Dr. Saleeby is a professor of Geology at CalTech in Pasadena. He teaches introductory and advanced geological field mapping, structural geology, physical geology, Cordilleran regional geology and tectonics, global mountain building and plate tectonics, application of petrogenetic and geochemical studies to regional and global tectonics. He earned his PhD in Geology from the University of California at Santa Barbara. His dissertation was on "Structure, Petrology and Geochronology of the King-Kaweah Mafic-Ultra mafic Belt, Southwest Sierra Nevada Foothills, California."

Ms. Saleeby received an Engineer of Geology Degree, Zagreb University, Croatia and an M.S. in Geology at Indiana University.

She worked as a Senior Geologic Engineer with Shell Oil and Cal Resources, Bakersfield (1990-1997), private consultant, 1997-1999, and is currently a Staff Geologist, Caltech Tectonics Observatory.

Birding the Kern River Valley & Southern Sierra Nevada

Bob Barnes

Kern River Valley Birding
Ridgecrest, CA

Bob Barnes has been birding through California for the past 35 years. His expertise in Southern Sierra species distribution and status is unparalleled. He has led over 200 local birding tours, and spends countless hours independently birding the region. He authored the section on Kern River Valley and Southern Sierra Nevada birding in "A Birder's Guide to Southern California" by Brad Schram. Bob was integral in bringing the South Fork Valley to the attention of Audubon and The Nature Conservancy resulting in protection of this precious resource. He also worked on the Desert Protection Act which added thousands of acres of protected wilderness to Kern County's deserts and the southern Sierra Nevada.

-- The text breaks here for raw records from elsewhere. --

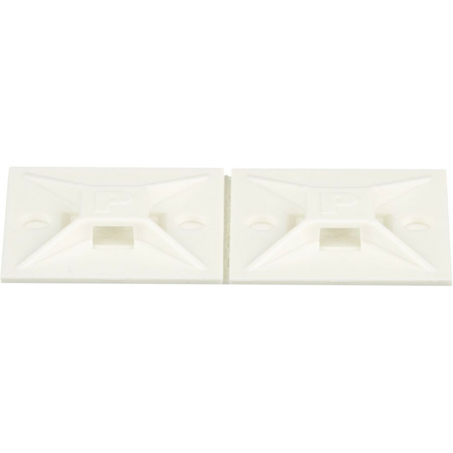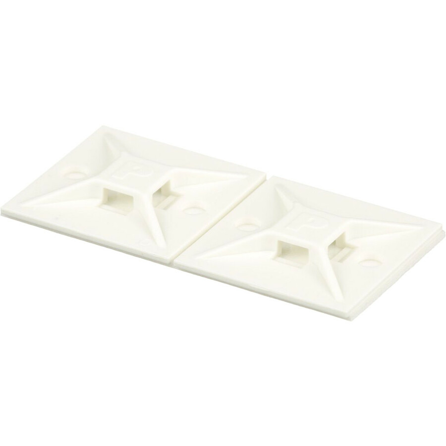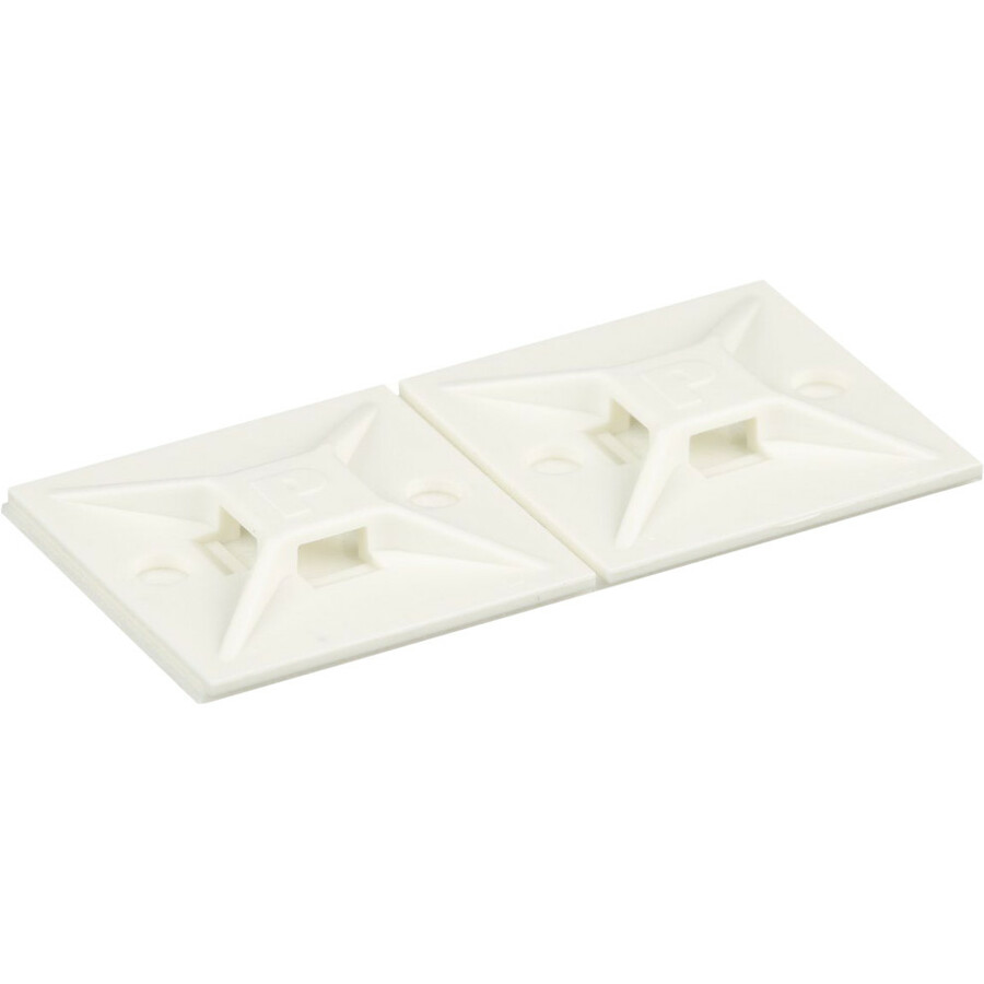 The 4-way adhesive backed cable tie mount in white is mounted with rubber adhesive tape. It is 1.12" long x 1.12" wide (28.5 x 28.5 mm) and made of nylon 6.6, which increases mechanical strength, heat and wear resistance, and stiffness. It is used with miniature, intermediate, and standard cable ties. It is designed for indoor environments and comes in packages of 500.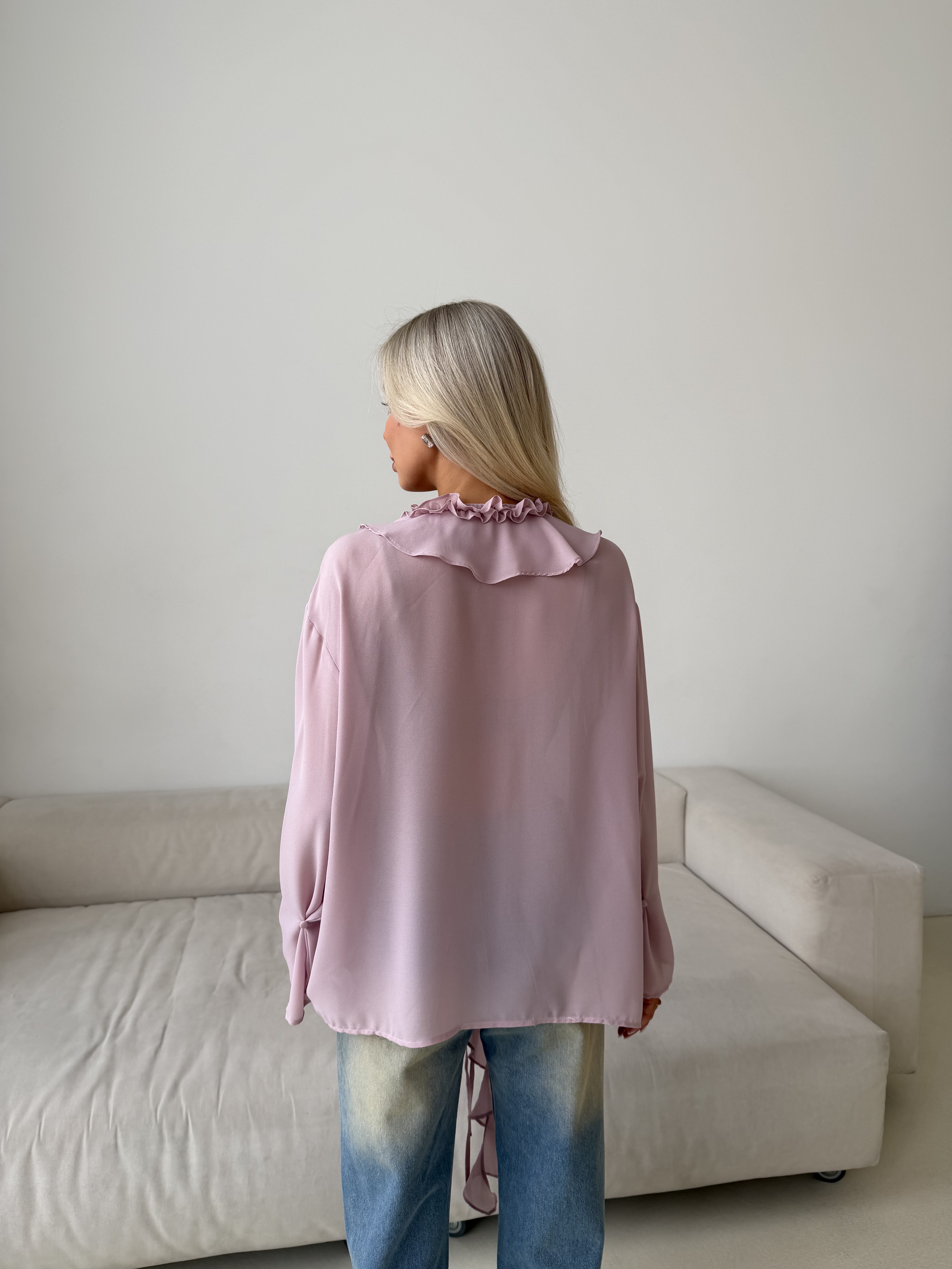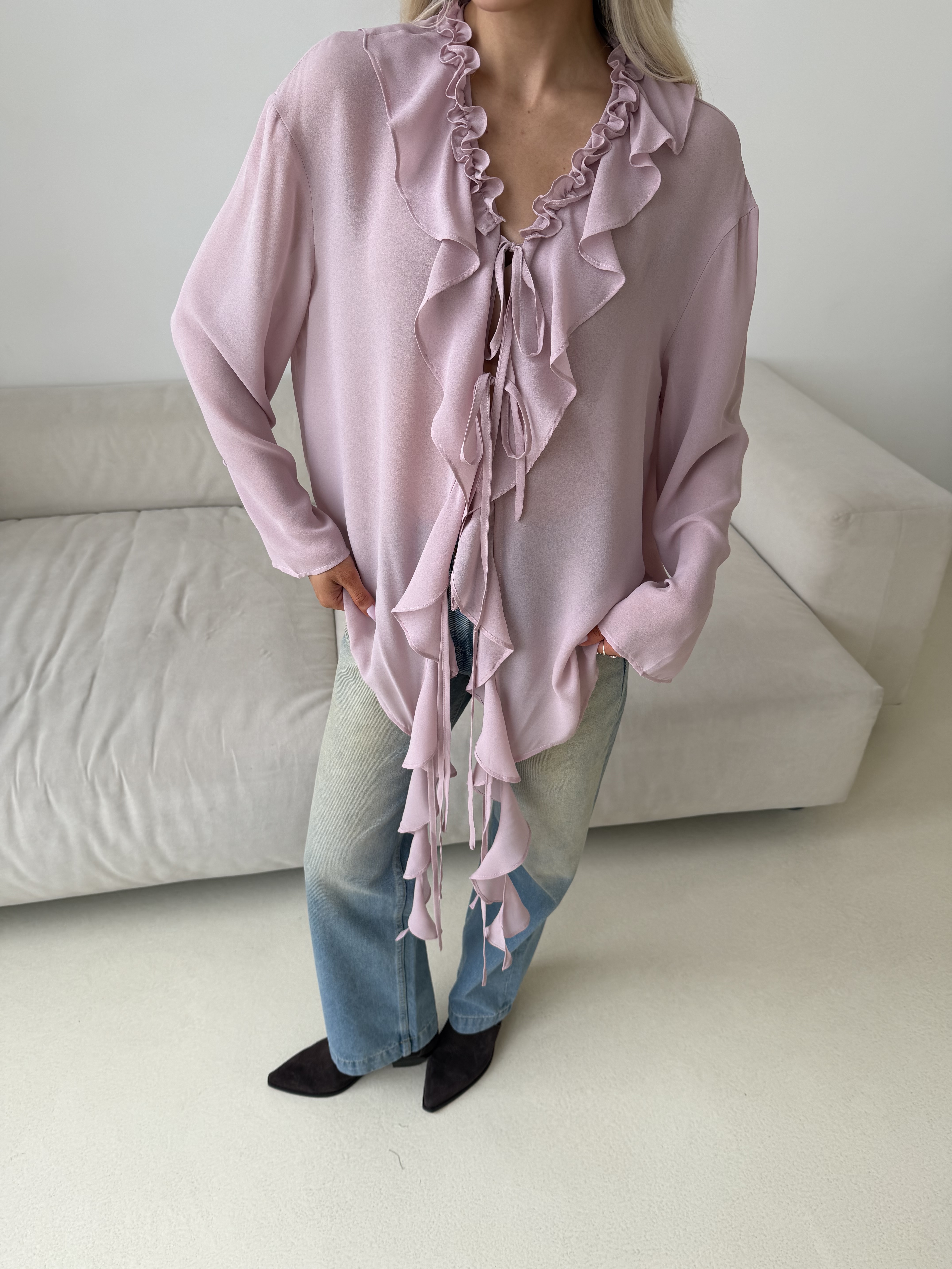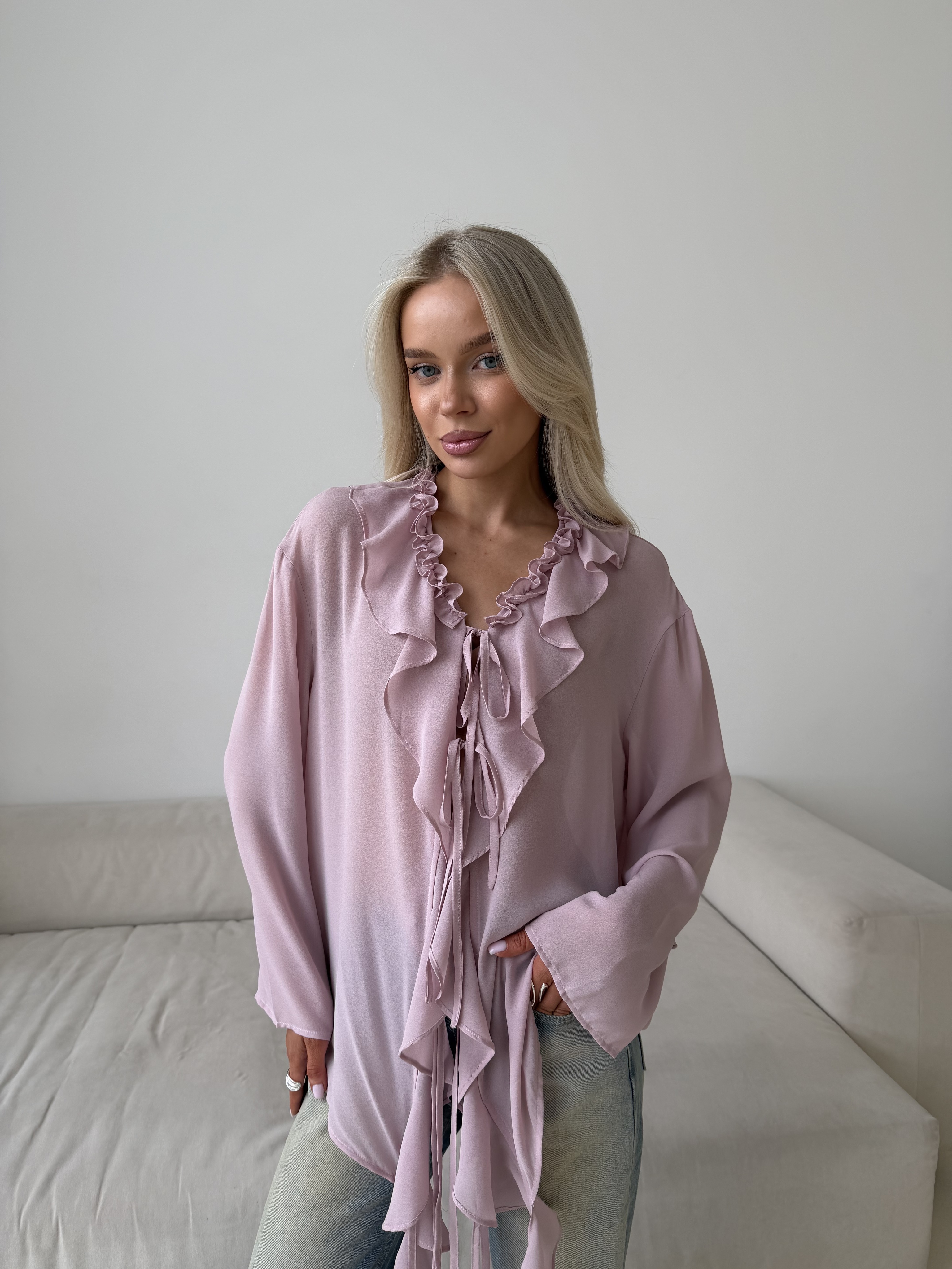 Лёгкая блуза с акцентной вертикалью из рюшей и декоративными завязками спереди делает силуэт более вытянутым и визуально стройным.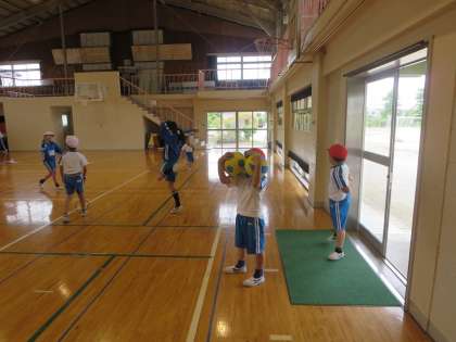 遊ぶ休み時間の小泉っ子。バスケットボールのシュートをねらう子ども。ボールでパス回しをする子ども。バドミントンをする子ども。小さな体育館の中ですが、友だちや先生たちといろんな遊びをし、笑顔があふれています。あっという間の20分間で、いい汗をかくことができました。でも、一緒に遊ぶことが楽しくて写真を撮ることをすっかり忘れてしまいました…。(あわててパチリしたときは、後片付けの場面でした。)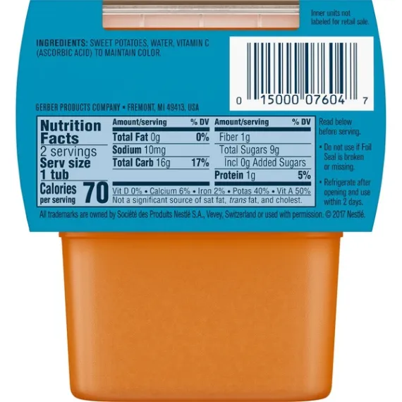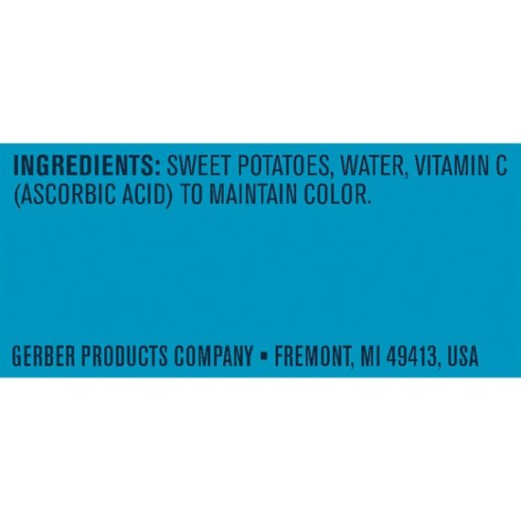 Details Ingredients Sweet Potatoes, Water, Vitamin C. Product features Continue your babyâs love of veggies with Gerber 2nd Foods Sweet Potato baby food. Gerber 2nd Foods baby food helps expose babies to a variety of tastes and ingredient combinations which is important to help them accept new flavors. All our recipes are made with fruits and veggies that meet Gerberâs high quality standards. This recipe includes a lot of care, love and 2/3 sweet potato in each tub. These sweet potatoes were grown using our Clean Field Farming practices. One (1) 2-count pack of 4 oz tubs 50% Daily Value of antioxidant Vitamin A Unsweetened, unsalted, no added starch, artificial flavors or colors Non-GMO: not made with genetically engineered ingredients; Packaging made with no BPA Head to MyGerber.com to meet Dotti, your on-call personal baby expert, or call us anytime 24/7 at 1-800-284-9488 Special Features No Net Quantity of Content 2.0 X 1 Tub
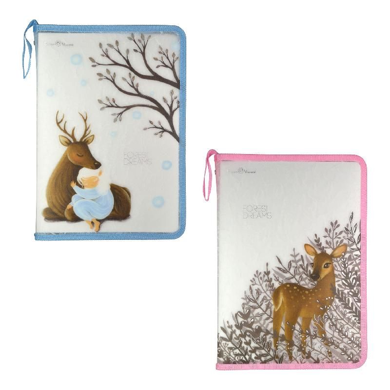 Папка на молнии BrunoVisconti® А4 (23 х 33,5 х 2,5 см) "FOREST DREAM" Арт. 14-032/04 в ассортименте Папка формата А4 из коллекции "Forest Dream". Изготовлена из полимерного материала: гибкая и прочная. По периметру - контрастная текстильная окантовка. Есть ручка-петля, чтобы удобно переносить папку или подвесить для хранения. Подойдет для использования в школе и для внеклассных занятий. В нее удобно сложить альбомы, бумаги, мягкие учебные пособия. Папка застегивается на молнию, поэтому мелкие предметы не выпадут при переноске. Украшена нежными весенними иллюстрациями: девочка, обнимающая оленя и олениха в цветущей траве. Выполнена в двух цветовых вариантах: розовом и голубом.

He serves as the Field Trips Chair for the Spring Nature Festival. Since 2004, Bob has worked on birding/wildlife tourism development project teams in Missouri, northwestern and southern Nevada, and Pennsylvania. He was the Meeting Chair for the June 26-29, 2008 North American Butterfly Association (NABA) Biennial Meeting which was held in the Kern River Valley; the first time this national meeting was held in California. He also organizes custom tours to Costa Rica and serves on the board of the Kern River Valley Heritage Foundation.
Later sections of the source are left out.